Pressure builds on end of life charity in Kenton as two nearby hospices close
PUBLISHED: 08:15 16 January 2019
A Kenton hospice that relies on public donations has seen its caseload soar after two nearby centres offering end of life care closed “temporarily”.
St Luke’s Hospice in Kenton Grange, which offers free care to some of Brent and Harrow’s most vulnerable residents, says it is determined to maintain standards – but needs help.
Pembridge Hospice in North Kensington has shut its in-patient unit “due to difficulty recruiting a replacement specialist palliative care consultant”, without which it can’t operate safely.
Meanwhile, the Michael Sobell inpatient unit in Northwood has moved to a nearby cancer unit “due to concerns about the building’s physical state”.
Of the £3.5million St Luke’s costs to run each year, only a third comes from the NHS. The rest comes through donations and fundraising.

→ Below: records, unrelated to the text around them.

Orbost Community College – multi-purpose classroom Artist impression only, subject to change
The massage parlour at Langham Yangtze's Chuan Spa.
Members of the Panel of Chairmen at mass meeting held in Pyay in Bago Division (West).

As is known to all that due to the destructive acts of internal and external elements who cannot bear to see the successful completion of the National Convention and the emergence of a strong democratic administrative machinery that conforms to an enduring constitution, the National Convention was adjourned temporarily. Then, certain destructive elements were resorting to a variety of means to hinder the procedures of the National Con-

Rachel Wagstaff, director of fundraising, said: “We are continuing to see a heightened pressure on our resources due in part to recent closures of two neighbouring NHS hospices, which may or may not be temporary. As a result, we have seen an increase in the number of patients being referred to us [and we are] caring for over 1,600 local people a year.

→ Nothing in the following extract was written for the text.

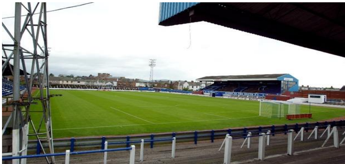
Main Stand and Terregles End

Palmerston Park has been used since 1876 when it was home of Queen of the South Wanderers 1876 – 1893 and was taken over by the 5 th KRV it has a 8,690 capacity, there are 3,377 seats and up until the late 1990s the stadium had a capacity of 8,352, but this was reduced when the Terregles Street End terracing was closed and it was given a safety certificate in September 2014, adding standing capacity of 1,968.

“There are no changes to the high level of care because we’re dipping into our reserves. [But] to have a sustainable model and continue to deliver free specialist care for people now and in the future we do urgently need increased support.”

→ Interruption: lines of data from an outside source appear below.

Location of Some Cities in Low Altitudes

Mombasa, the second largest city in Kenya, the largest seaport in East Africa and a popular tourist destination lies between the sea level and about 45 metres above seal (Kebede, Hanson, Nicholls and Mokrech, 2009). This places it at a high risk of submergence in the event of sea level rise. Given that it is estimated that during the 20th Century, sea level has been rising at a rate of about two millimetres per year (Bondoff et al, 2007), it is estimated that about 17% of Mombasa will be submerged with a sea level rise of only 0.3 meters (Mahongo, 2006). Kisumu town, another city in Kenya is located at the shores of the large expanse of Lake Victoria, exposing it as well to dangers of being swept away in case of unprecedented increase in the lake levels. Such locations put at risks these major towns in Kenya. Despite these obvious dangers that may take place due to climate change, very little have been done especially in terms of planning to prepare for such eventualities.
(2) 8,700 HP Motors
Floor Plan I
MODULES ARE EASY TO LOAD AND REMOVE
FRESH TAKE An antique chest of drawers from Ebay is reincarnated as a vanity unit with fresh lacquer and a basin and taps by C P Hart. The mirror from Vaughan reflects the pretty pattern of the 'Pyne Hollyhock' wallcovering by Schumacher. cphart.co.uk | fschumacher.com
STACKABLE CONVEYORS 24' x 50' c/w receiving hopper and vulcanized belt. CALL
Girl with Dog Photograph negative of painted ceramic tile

The charity cares for patients approaching the end of their lives with multiple conditions. It runs “hospice at home” care, an advice line, training in end of life care for GPs and care homes, an outpatient clinic, and the Woodgrange Day Centre.
Ms Wagstaff added: “We are engaging with the NHS to ask for increased funding. We are also making our needs known to our local community while looking to gain efficiencies where possible.
“The community is incredible. They provide a huge part of the funding by donating and playing our weekly lottery. We also rely quite heavily on the generosity of people remembering to leave a gift to us in their will – that’s a huge reason why we have been sustainable in recent years. A lot of local people know somebody we’ve cared for. The community makes possible what we do.”